**HOW TO COMPLETE THIS TASK**
Give the lines again exactly as they appear below, from the line with "再确认下端口:[admin@obcp obproxy-4.0.0]$ netstat" to the line with "장성군장애인종합복지관에서는 전남발달장애인지원센터에서 지원하는", both included, and only those lines. Leave every picture out.

**TASK MATERIAL**
□ □ □ □
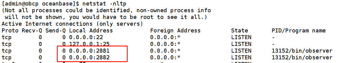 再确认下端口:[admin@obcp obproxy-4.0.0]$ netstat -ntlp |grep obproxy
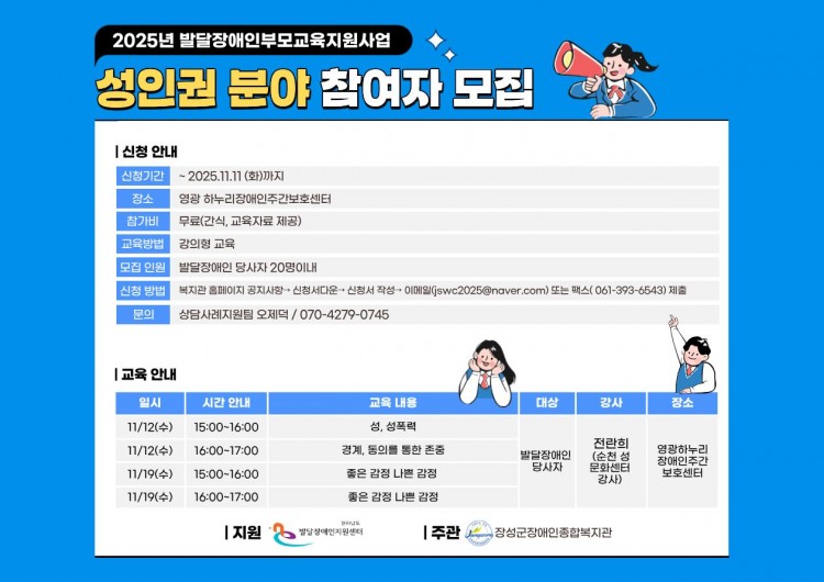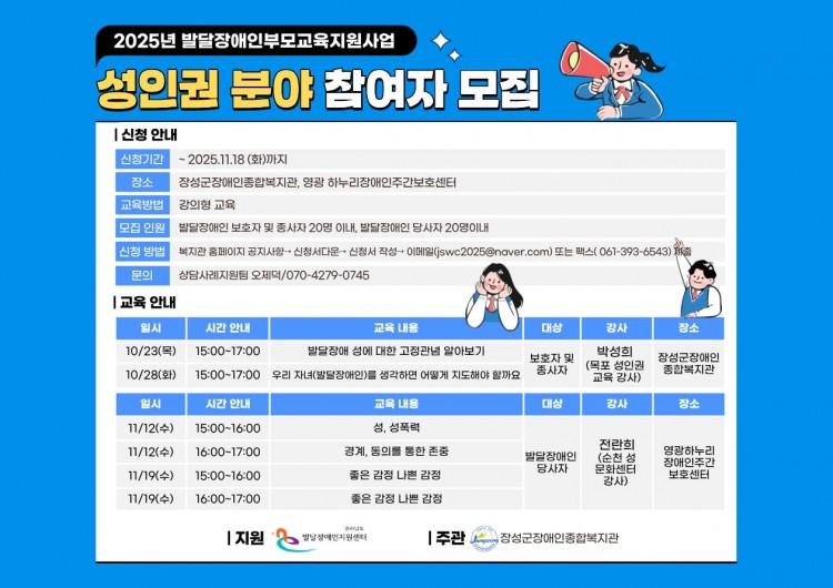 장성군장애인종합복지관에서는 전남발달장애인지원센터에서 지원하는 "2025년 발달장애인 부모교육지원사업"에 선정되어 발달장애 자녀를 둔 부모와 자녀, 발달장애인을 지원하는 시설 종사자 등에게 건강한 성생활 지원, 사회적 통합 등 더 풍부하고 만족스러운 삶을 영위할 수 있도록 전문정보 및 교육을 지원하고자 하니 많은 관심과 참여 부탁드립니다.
□ □ □ □
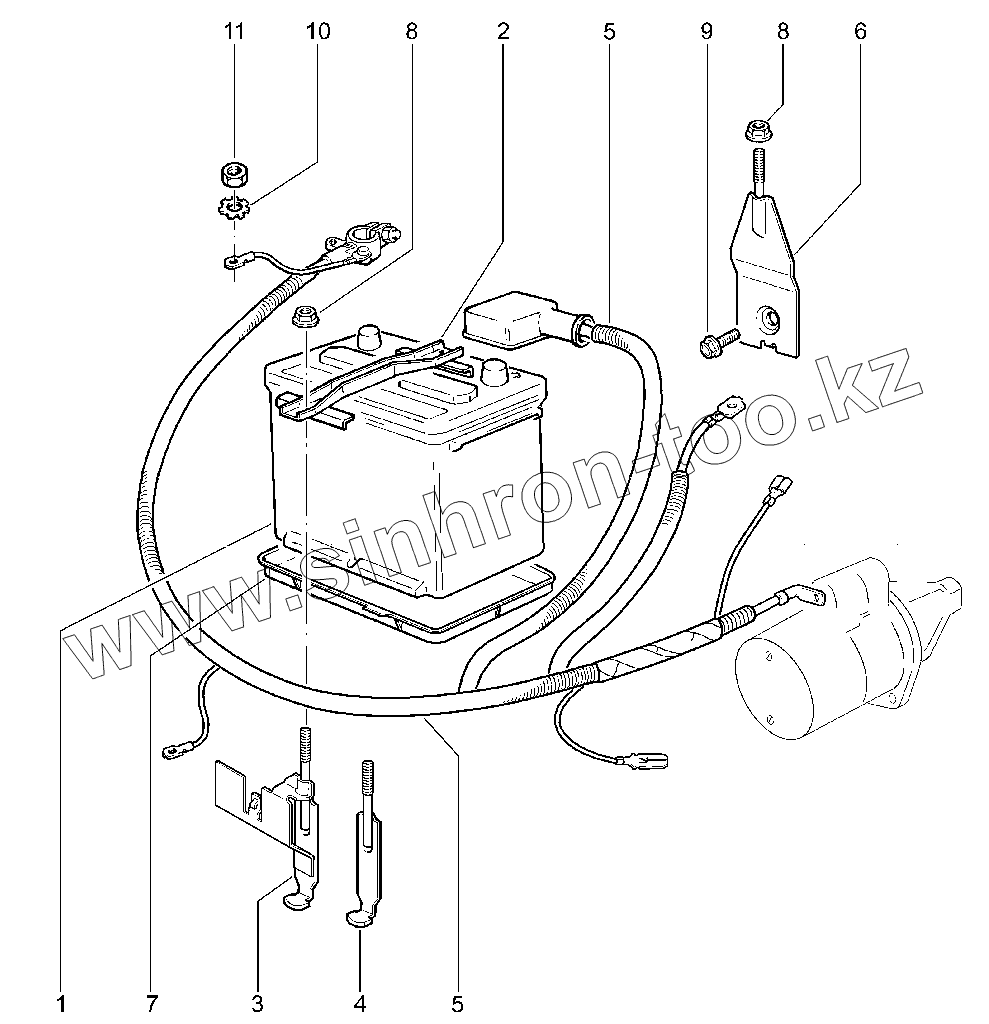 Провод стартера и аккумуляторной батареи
□ □ □ □
**SOLUTION TO THE EXERCISE**
 再确认下端口:[admin@obcp obproxy-4.0.0]$ netstat -ntlp |grep obproxy
 장성군장애인종합복지관에서는 전남발달장애인지원센터에서 지원하는 "2025년 발달장애인 부모교육지원사업"에 선정되어 발달장애 자녀를 둔 부모와 자녀, 발달장애인을 지원하는 시설 종사자 등에게 건강한 성생활 지원, 사회적 통합 등 더 풍부하고 만족스러운 삶을 영위할 수 있도록 전문정보 및 교육을 지원하고자 하니 많은 관심과 참여 부탁드립니다.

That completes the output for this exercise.